Monday, March 10, 2014

Evidence For And Against A Biotech Bubble

Summary
  • Talk of a biotech bubble is ramping up.
  • Some top biotechs have struggled in recent sessions.
  • While superficial evidence of a bubble exists, I believe a deeper look at the issue reveals that such talk is premature.
With all the talk of a 'biotech bubble' lately, I think it's important to consider this possibility head on, as well as some reasons why it could be premature to come to this conclusion. The term 'bubble' implies that the sector is due for a downside correction, so it would be wise to head to the sidelines ahead of this event.
So, let's consider the evidence for and against a dreaded biotech.
First off, the sector has been on an absolute tear over the past few years, illustrated nicely by the chart below. The iShares Nasdaq Biotechnology (NASDAQ: IBB) is now up 68% within the last two years. Ok, I hate to admit it but that does scream bubble.
IBB 1 Year Total Returns Chart
If we compare the price to book value ratios of a bellwether blue chip, General Electric (NYSE: GE), to a top biotech, Gilead Sciences (NASDAQ: GILD), the picture becomes even bleaker. Essentially, investors are now paying massive premiums for even top biotechs relative to their intrinsic value, and these premiums have risen substantially over the past two years.
GILD Price to Book Value Chart
Let's now consider the biotech sector's long-term performance prior to its recent bull run. This ten year chart prior to the recent biotech explosion paints a different picture entirely. From 2001 to 2010, the sector gained a grand total of 47.8%. The one notable exception is the period between 2003-2004 that saw a steep rise in this index. Why? Because the FDA approved 36 new drug applications in the 2003-2004 timeframe.
IBB 1 Year Total Returns Chart
Besides this single year, however, new drug approvals largely stagnated within this ten year time period, as shown by the chart below.

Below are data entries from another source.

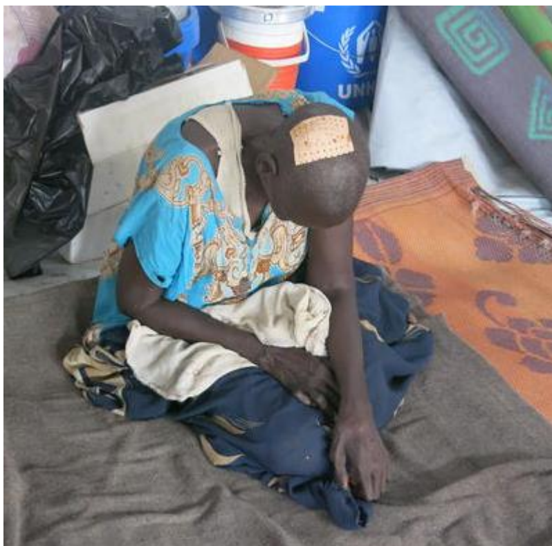
This blind elderly Shilluk woman was beaten by opposition fighters in Malakal hospital in February 2014.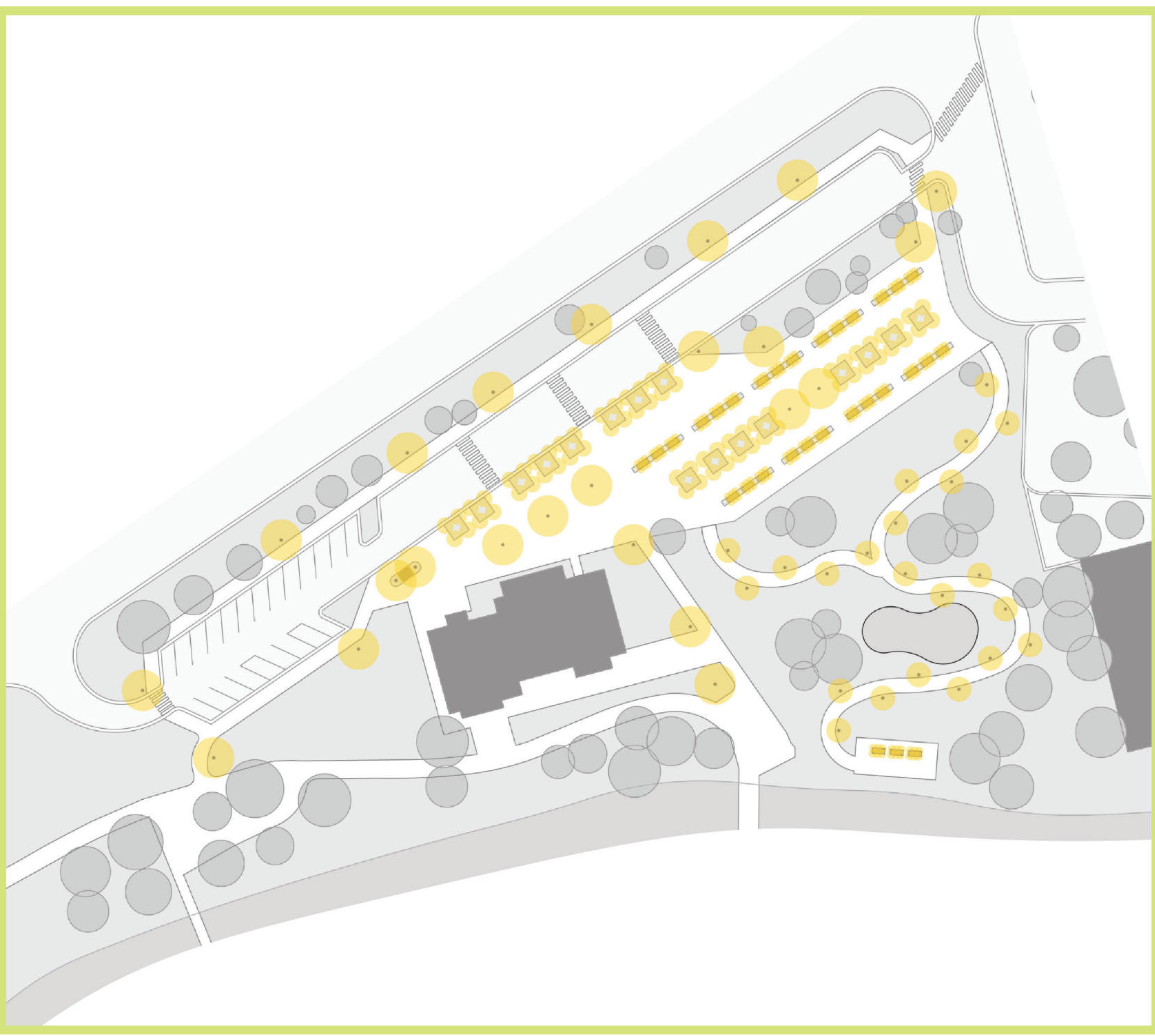
Lighting- A range of dynamic lighting fills the space with ambiet light while minimizing light pollution.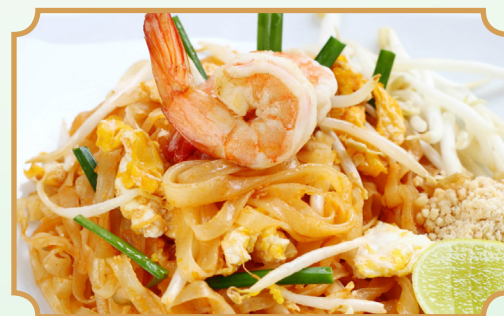
Pad Thai Noodles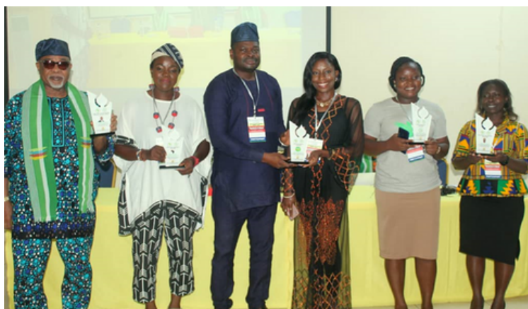
Winners from the IMAGES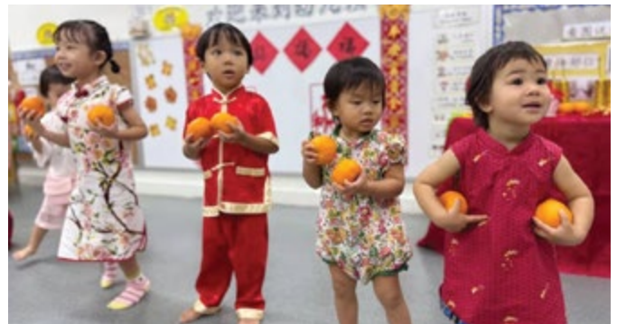
Dancing to the beat of "Gong Xi Gong Xi" at ELFA Preschool @ Jurong East.

ELFA Preschool @ Jurong East, children discovered the festival's origins through engaging storytelling, songs, and creative crafts. While at ELFA Preschool @ Hougang, families celebrated the Lantern Festival with lanterns and riddles, calligraphy, and tang yuan — symbolising unity and joy. The festivities ended with a cheerful Lo Hei toss, reflecting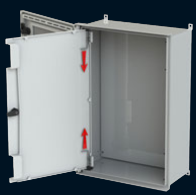
1) To remove or place the inner door in an Allbrox® simply pull the two hinge pins as indicated towards each other.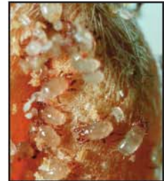
FLOUR MITE Acarus siro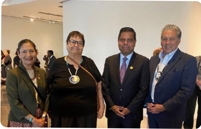
U.S Secretary of Interior Deb Haaland, NWAC President, The Honourable Gary Anandasangaree (Minister of Crown-Indigenous Relations) & The Honourable Dan Vandal (Minister of Northern Affairs)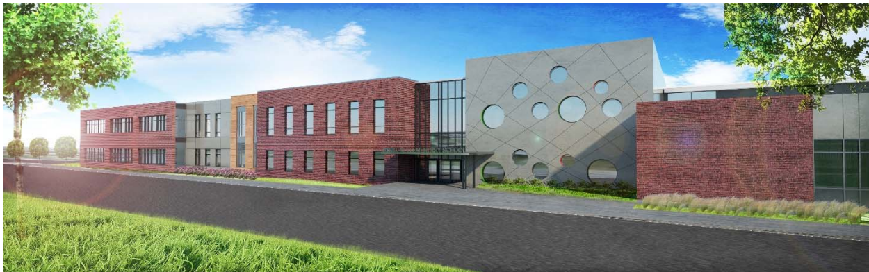
James L. McGuire Elementary School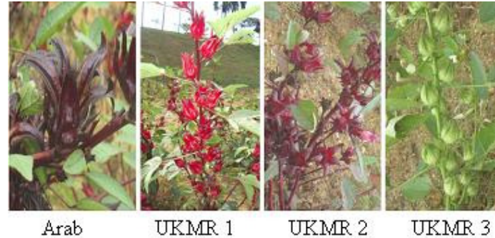
Fig 2. Calyx color differences in roselle mutants UKMR 1, UKMR 2 and UKMR 3 along with their parental variety Arab (UKMR1 is red, UKMR 2 is deep red and UKMR 3 is light green and the parent variety Arab's calyx is dark red color)

A side by side comparison of the sector's performance and number of new drug approvals shows that biotech valuation is intrinsically tied to the amount of innovation that is ultimately translated into a commercial product. Although the FDA only approved 27 new drugs in 2013, it's important to remember that this would have been a strong year in the period from 2001-2010.
I'd also like to point out that the type of innovations coming out of the sector now are a bird of a different feather altogether. In my view, the sector has experienced an nearly unprecedented level of innovation leading to breakthrough drugs, therapies, and medical devices. And ample evidence exists that supports my view.
AbbVie (NYSE: ABBV) and Gilead Sciences, for example, have recently developed functional cures for hepatitis C. Intercept Pharmaceuticals (NASDAQ: ICPT) developed a drug, OCA, that actually reverses liver fibrosis, and looks to be a breakthrough therapy in a host of liver disorders.
I could easily go on, but the broader point is that the dramatic appreciation of the entire biotech sector isn't without merit. As such, I am hesitant to call it a bubble-yet. Yes, companies in the sector are undoubtedly trading at rich premiums, but this does reflect a boon in innovation.
Looking out into the future, I suspect that the sector will begin to level off within the next two years, as revenues catch up to stock prices. But I don't think a major correction is warranted in the true sense of a bursting bubble. Bubbles imply that the asset became irrationally and hence, dangerously, overvalued. If anything, I think the sector is projecting the steady stream of game-changing revenue generators now coming on the market, and the valuation gap isn't unreasonable.
Turning again to Gilead as a prime example, the revenue stream from Sovaldi could set the stock up to trade at a mere 6 to 7 times annual revenue at current levels. And the company has a pipeline chock full of drugs with strong commercial potential. Viewed this way, it would appear that the market has begun to price in some of Gilead's future revenues, but it's a stretch to say it's massively overvalued in the classic bubble scenario.
When bellwethers like Gilead begin to trade at 70 times annual revenues, perhaps then, we should revisit the bubble meme. In the meantime, I think it's a bad idea to get caught up in bubble hysteria. Instead, it's better to keep an eye on the pace of innovation occurring in the sector. After all, that's the true measure of how these stocks will perform over time.